### Information shown
BEGIN
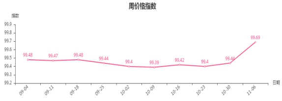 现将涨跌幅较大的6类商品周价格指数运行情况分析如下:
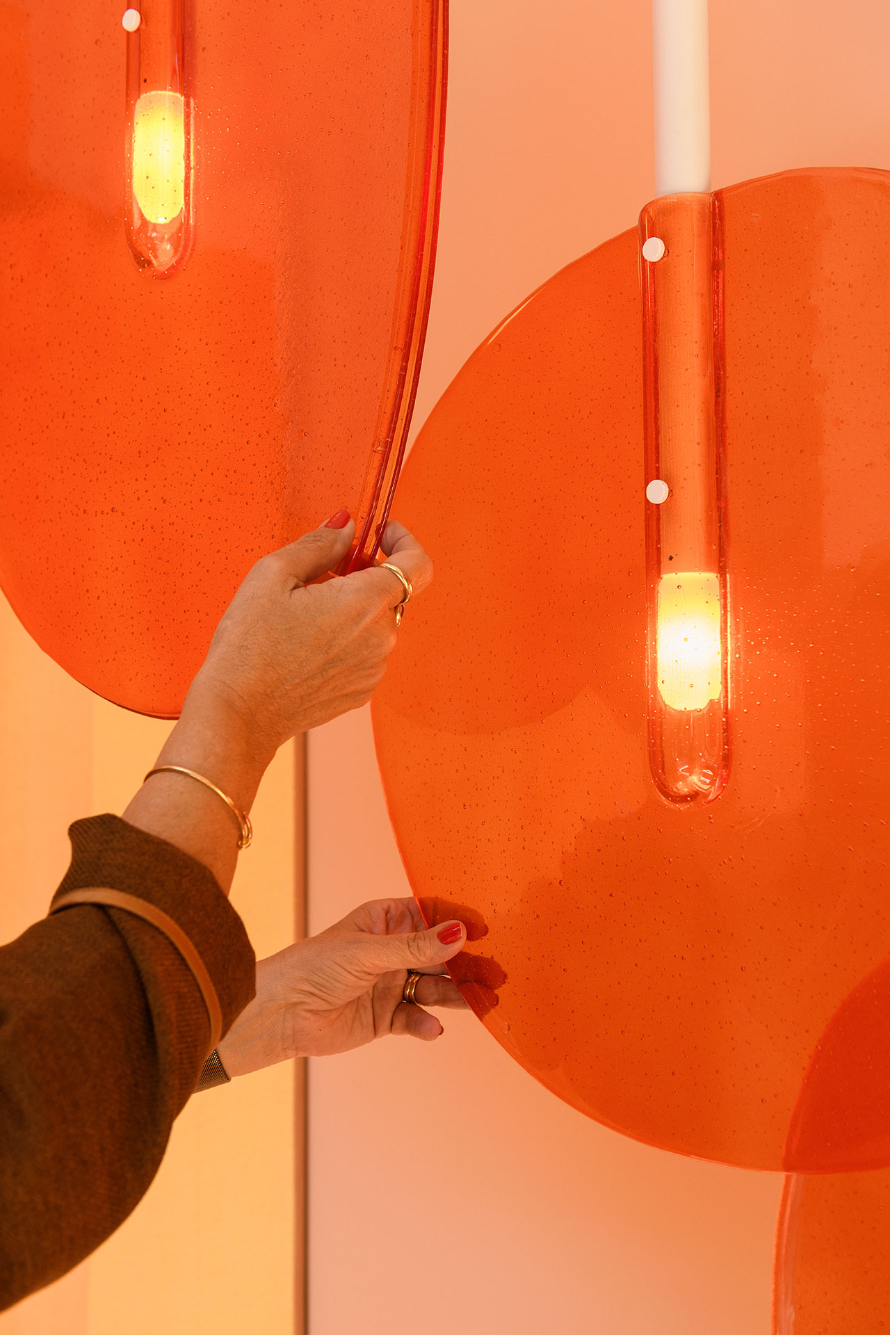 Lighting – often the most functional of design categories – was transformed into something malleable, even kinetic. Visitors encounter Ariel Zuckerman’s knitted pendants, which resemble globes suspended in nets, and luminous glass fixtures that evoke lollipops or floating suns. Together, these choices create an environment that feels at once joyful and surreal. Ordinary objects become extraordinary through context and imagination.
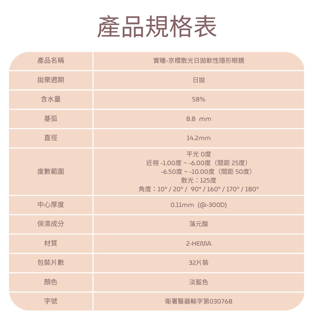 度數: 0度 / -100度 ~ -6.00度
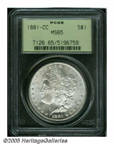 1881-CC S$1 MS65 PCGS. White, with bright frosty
END
BEGIN
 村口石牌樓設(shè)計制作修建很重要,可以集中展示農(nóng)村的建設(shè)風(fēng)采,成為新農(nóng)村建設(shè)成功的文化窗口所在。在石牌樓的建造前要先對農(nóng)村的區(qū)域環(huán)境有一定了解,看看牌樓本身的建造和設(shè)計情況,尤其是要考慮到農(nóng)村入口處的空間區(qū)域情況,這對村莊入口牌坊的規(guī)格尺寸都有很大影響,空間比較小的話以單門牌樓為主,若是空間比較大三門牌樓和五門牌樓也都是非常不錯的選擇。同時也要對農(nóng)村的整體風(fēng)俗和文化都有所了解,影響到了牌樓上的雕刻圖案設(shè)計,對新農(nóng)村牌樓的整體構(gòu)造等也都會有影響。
END
### Task prompt
In the records above, find the line containing "Lighting – often" and the line containing "1881-CC S$1 MS65", then give both of them again word for word along with every line between. Omit any pictures.

### Finished exercise
 Lighting – often the most functional of design categories – was transformed into something malleable, even kinetic. Visitors encounter Ariel Zuckerman’s knitted pendants, which resemble globes suspended in nets, and luminous glass fixtures that evoke lollipops or floating suns. Together, these choices create an environment that feels at once joyful and surreal. Ordinary objects become extraordinary through context and imagination.
 度數: 0度 / -100度 ~ -6.00度
 1881-CC S$1 MS65 PCGS. White, with bright frosty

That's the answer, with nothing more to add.